Woody Allen’s contribution to cinema is the lovable nebbish — a hopelessly hopeful Don Juan wannabe who never will be. In the 1972 film “Play It Again, Sam,” Mr. Allen portrays Allan Felix, a recent divorcé who feels like a stranger in a strange land when it comes to meeting women.

Urged by his loyal sidekick, played by Diane Keaton, Allan approaches an attractive young woman in an art gallery who is contemplating a Jackson Pollock painting. When Mr. Felix asks what the painting says to her, she responds, “It restates the negativeness of the universe. The hideous, lonely emptiness of existence. Nothingness. The predicament of Man forced to live in a barren, Godless eternity like a tiny flame flickering in an immense void with nothing but waste, horror, and degradation, forming a useless, bleak straitjacket in a black, absurd cosmos.”

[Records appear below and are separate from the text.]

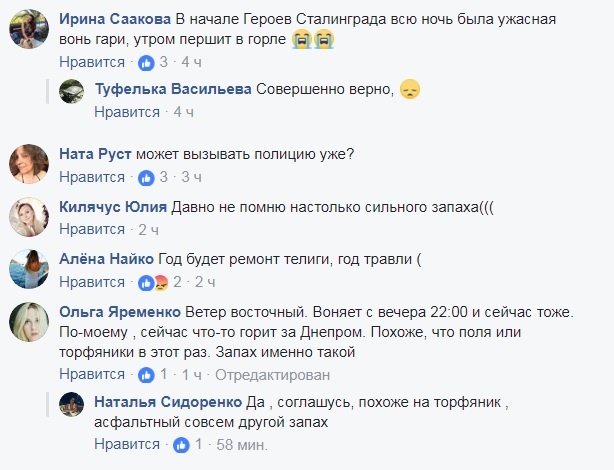 То ли о гари, то ли смоге сообщают и подписчики паблика "Смог на Оболони". Большинство пользователей соглашаются, что воняет как при пожаре торфяников или травы.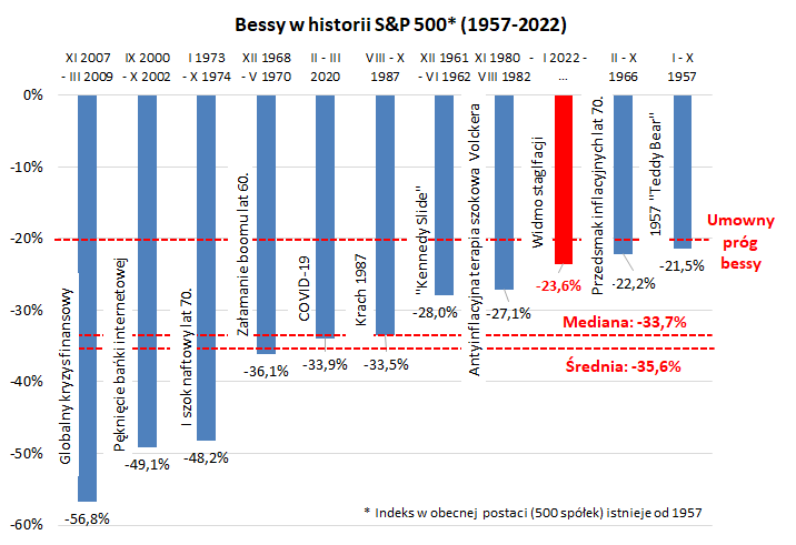 Konkluzja wydaje się prosta – skoro przekroczenie progu bessy przez S&P 500 jest „OK”, to należy chyba domniemywać, że przecena musi stać się dużo głębsza, by przestała być „OK” i by Fed złagodził swój kurs. Wspomniane wcześniej konserwatywne założenie mówiące, że wyznacznikiem dla zasięgu bessy jest historyczna średnia, a nie najbardziej łagodne przypadki, wydaje się w tym kontekście tym bardziej uzasadnione.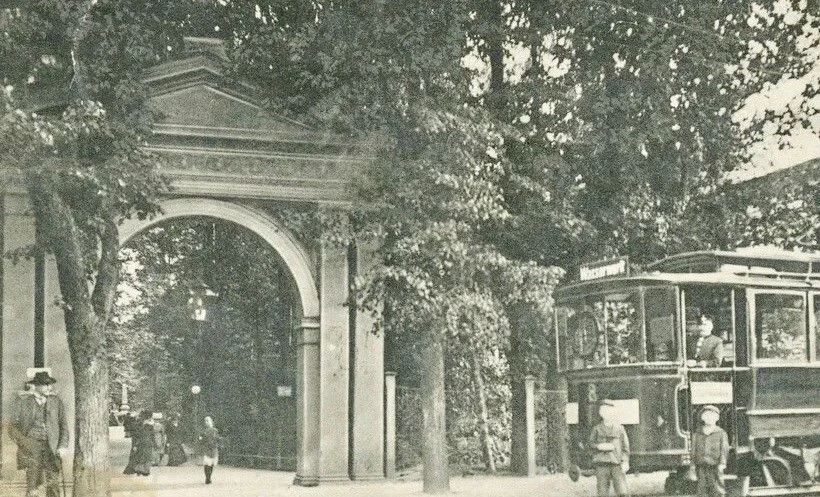 Именно на этом месте стояла арка, служившая центральным входом в парк Якобсруэ во времена Тильзита. Она была разрушена в ходе сражений Второй Мировой войны. Рядом находилась трамвайная остановка.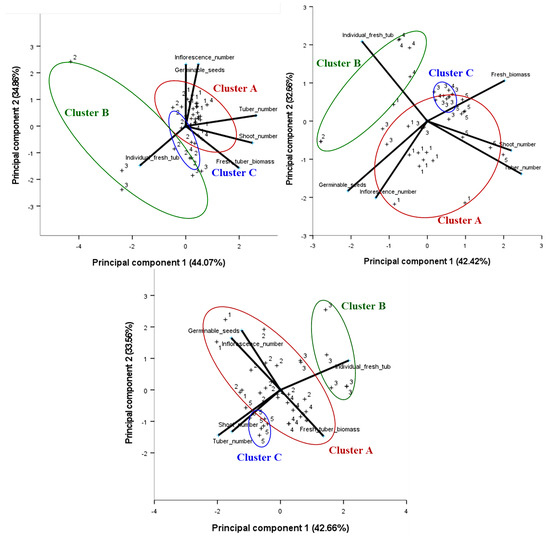 For each experimental year, a CATPCA biplot was made to illustrate the differences between the clusters. These are given in Figure 6. The three biplots depict the clonal populations, numbered according to the cluster numbers given in Figure 5. Along the first axis of the biplots, the tuber and shoot number on one side and the individual tuber fresh weight on the other side are able to separate the clusters over the three experimental years as the vectors are pointing almost in the exact opposite directions, separating the clonal populations and clusters from one another. Shoot and tuber number were highly correlated, especially in 2019 and 2020. Along the second axis, clusters were separated by means of the fresh tuber biomass on one side and the inflorescence number and germinable seeds on the other side. The biplots show the high correlation between the inflorescence number and number of germinable seeds.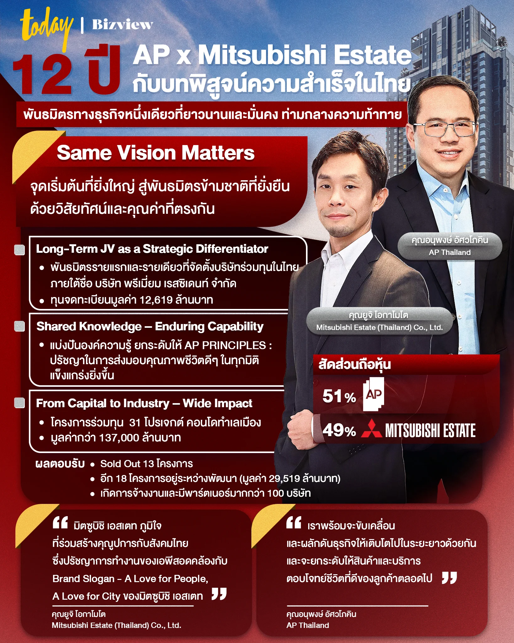 TODAY Bizview ชวนดูเบื้องหลังความสำเร็จนี้ นอกเหนือจากความสำเร็จทางตัวเลขที่โดดเด่น คือวิสัยทัศน์ร่วมกันของสองผู้นำ คุณอนุพงษ์ อัศวโภคิน และ คุณยูจิ โอกาโมโต ที่พร้อมจะแบ่งปันทุกจิกซอว์แห่งความสำเร็จครั้งนี้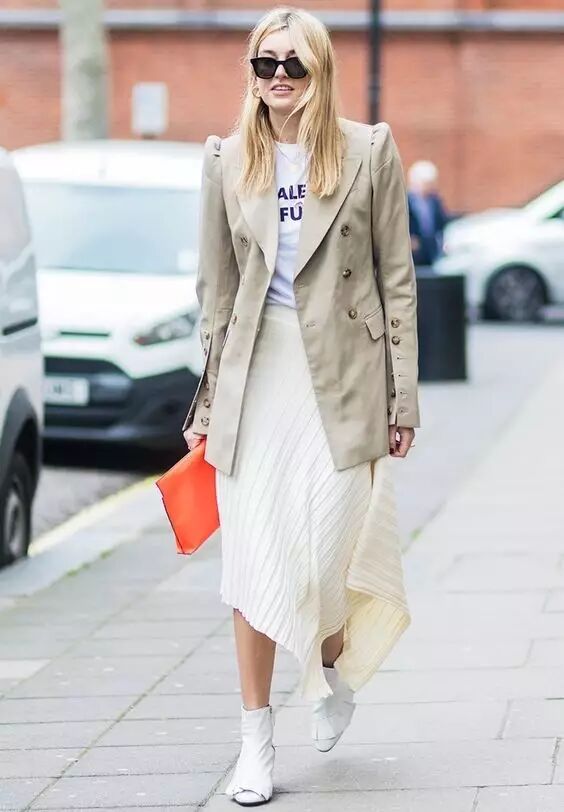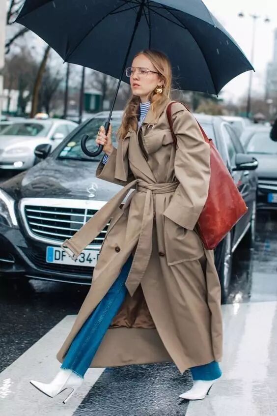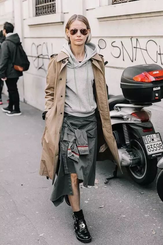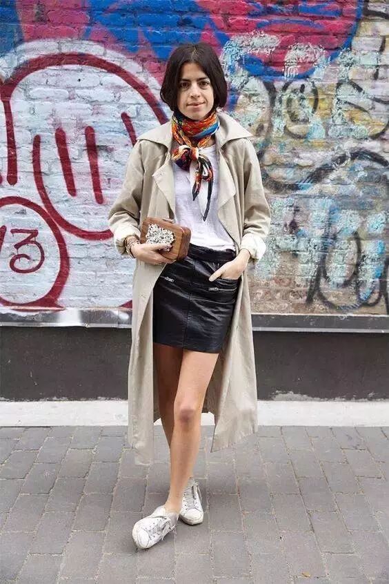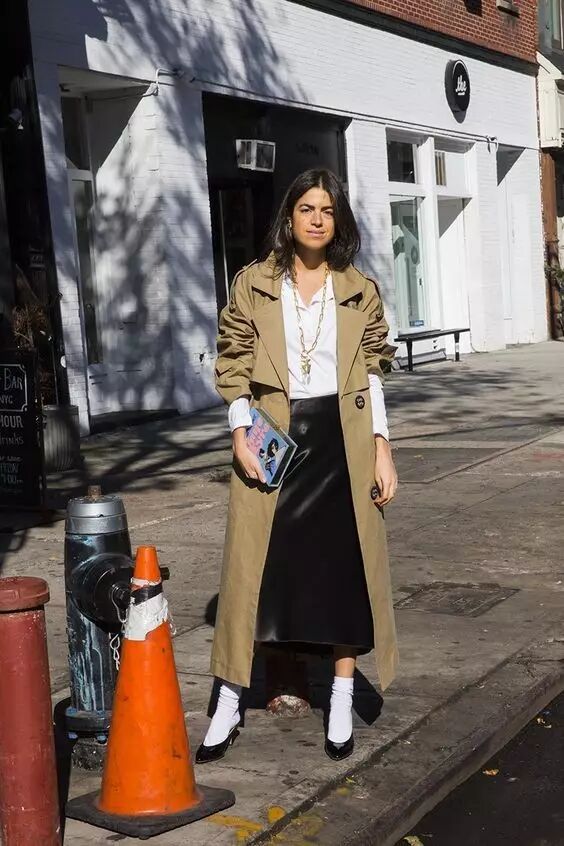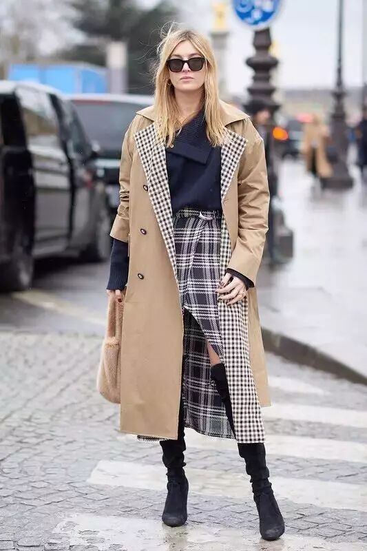 风衣搭配半裙,既有裙子的柔美女人味,同时比连衣裙的搭配选择更多了一些,不管是小皮裙、牛仔裙、还是针织半裙,都能搭配出你想要的风格。

Does this dialogue resonate? It should, as it accurately depicts the current national mood.

Recalling a late 18-century admonition, “The government you elect is the government you deserve,” it is now evident that the 2024 election has become little more than a self-inflicted, ignominious, and unremitting catastrophe, reducing the nation to a punch line. Despite overwhelming evidence that Donald Trump is immature, selfish, and genetically indifferent to the suffering of others, his supporters handed him the keys to the kingdom. Not the Russians, not the Chinese, and not aliens.

The irony? Many of Trump’s devotees are now employment-free, with their families at risk because of their champion. The end of Emma Lazarus’ Statue of Liberty poem reads, “Give me your tired, your poor, your huddled masses yearning to breathe free, the wretched refuse of your teeming shore. Send these, the homeless, tempest-tossed to me, I lift my lamp beside the golden door!”

It’s an even-money bet that Ms. Lazarus never thought her words would serve to console U.S. citizens. Well done, Donnie. Let us pray that, within four years, the orange rodomont will be gone, much like an unpleasant odor dissipating in the night. The country has endured worse calamities than the current administration’s perpetual unmitigated and unhinged buffoonery.

Will the performer-cum-president cause harm before his time is up? Yes. But as the saying goes, it’s only broken if you can’t fix it. Take heart. It will be fixed.